I understand that it is not recommend to do full charge, but if you start coming closer to 200 miles between charges then what other option would you have. All we know is that full charge will do 215 miles. Past this is anyone's guess until they give us next update on the car.


----------



## Badback (Apr 7, 2016)

OK, a lot of these discussions seem to center around what a Tesla won't do and how it won't work for ME.

So, no one is forcing you to buy one. Just don't complain when you are the last person on the planet that wants to buy gasoline.

Maybe you should be asking yourself why you have to drive so much and so far. Most all business discussions and deals can be made via phone of computer. The era when a salesman must visit a customer is closing fast.
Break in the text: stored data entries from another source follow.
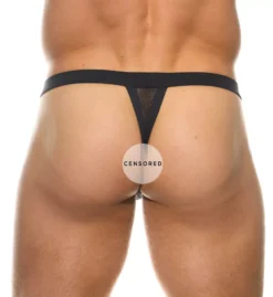 - Mesh thong band gives minimal rear coverage.
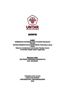 Rismansyah, Delpedro Marhaen (2022) Kebebasan Akademik dan Otonomi Keilmuan Dalam Sistem Pemerintahan Demokrasi Pancasila (Studi Kasus Webinar Constitutional Law Society Fakultas Hukum Universitas Gadjah Mada Yogyakarta). Skripsi thesis, Universitas Tarumanagara.
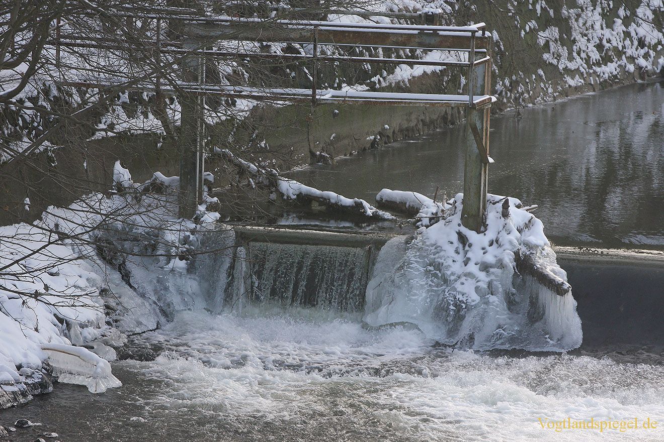 Das Wehr der Weißen Elster in Rothenthal. Aufnahme von Ende Januar 2013.
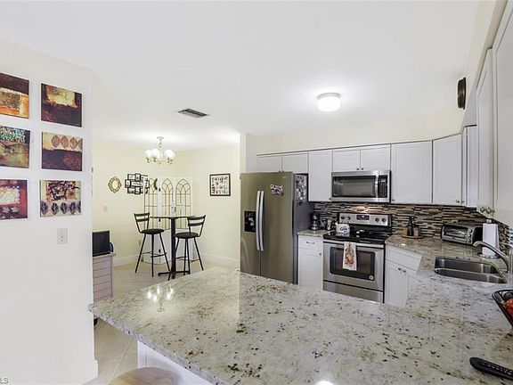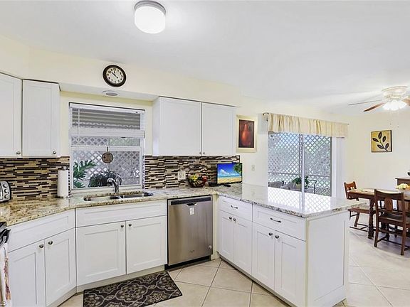 Unique opportunity to own a nicely updated home with 2-car attached garage, Southern exposure, and BEAUTIFUL expansive lake frontage! Enjoy numerous wading birds every morning from your lanai, or put in your own private pool if you wish! The upgrades at this beautifully-maintained home are too numerous to list: new roof by Kelly Roofing 2015, new Trane AC 2018 with 10-yr warranty, windows replaced 2004 except sliders and garage window, all kitchen appliances replaced 2018 along with granite countertops and white cabinetry, master bath completely and beautifully redone 2017, guest bath nicely redone 2018, extra insulation added in attic 2010, and new lanai screens after Irma. Even a fenced dog run! All tile floors - no carpet to replace! Southern exposure makes this home feel light and bright and lives larger than it is. And - NO HOA fees! Flexible breakfast area could be small den/office. This gem is walking distance to Publix, numerous restaurants, drug stores, shopping, a short bike ride to our sandy beaches, or to Old Naples! (Lattice on lanai is there to protect screens from cat and can be easily removed if buyer wishes.) Don't miss this one!

And good riddance to that old idea. What a waste of time and money, for both parties.


----------



## garsh (Apr 4, 2016)

I think it's a great question to be asking. Even if you don't regularly travel such long distances, it's great to understand all of the factors that affect range so you don't get stuck somewhere unexpectedly.
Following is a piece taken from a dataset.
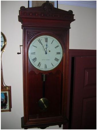 Exquisite and hard to find, I have on consignment a large walnut (or cherry) Seth Thomas model 30 weight-driven wall regulator. The clock is completely untouched; the finish is 100% original and untouched as are the dial, glass, locks, and all mechanical parts. The clock case measures 48 inches at its tallest and 18 inches at its widest. This is a seven day time only movement from circa 1908. There is also a presentation plaque at the base showing it was presented to the Brunswick Club in Liverpool, England, back in 1908. Accompanying it is a framed letter on USO stationary discussing how to wind and set it (WWII era written with fountain pen).

It's tough to predict everything for "real world" scenarios, since a lot depends on snow/rain on the road, elevation changes, and driving styles. I think your best bet is to go to the Tesla Model S page, scroll down to the "Range Per Charge" section, and play around with the choices a bit to get a feel for how the range changes.


----------



## MelindaV (Apr 2, 2016)

I've seen many non-Tesla EV owners comment on the cold weather losses, more than current tesla owners. Is it possible tesla's power management / batteries handles the cold better than the others?


----------



## Dan Detweiler (Apr 8, 2016)

MelindaV said:


> I've seen many non-Tesla EV owners comment on the cold weather losses, more than current tesla owners. Is it possible tesla's power management / batteries handles the cold better than the others?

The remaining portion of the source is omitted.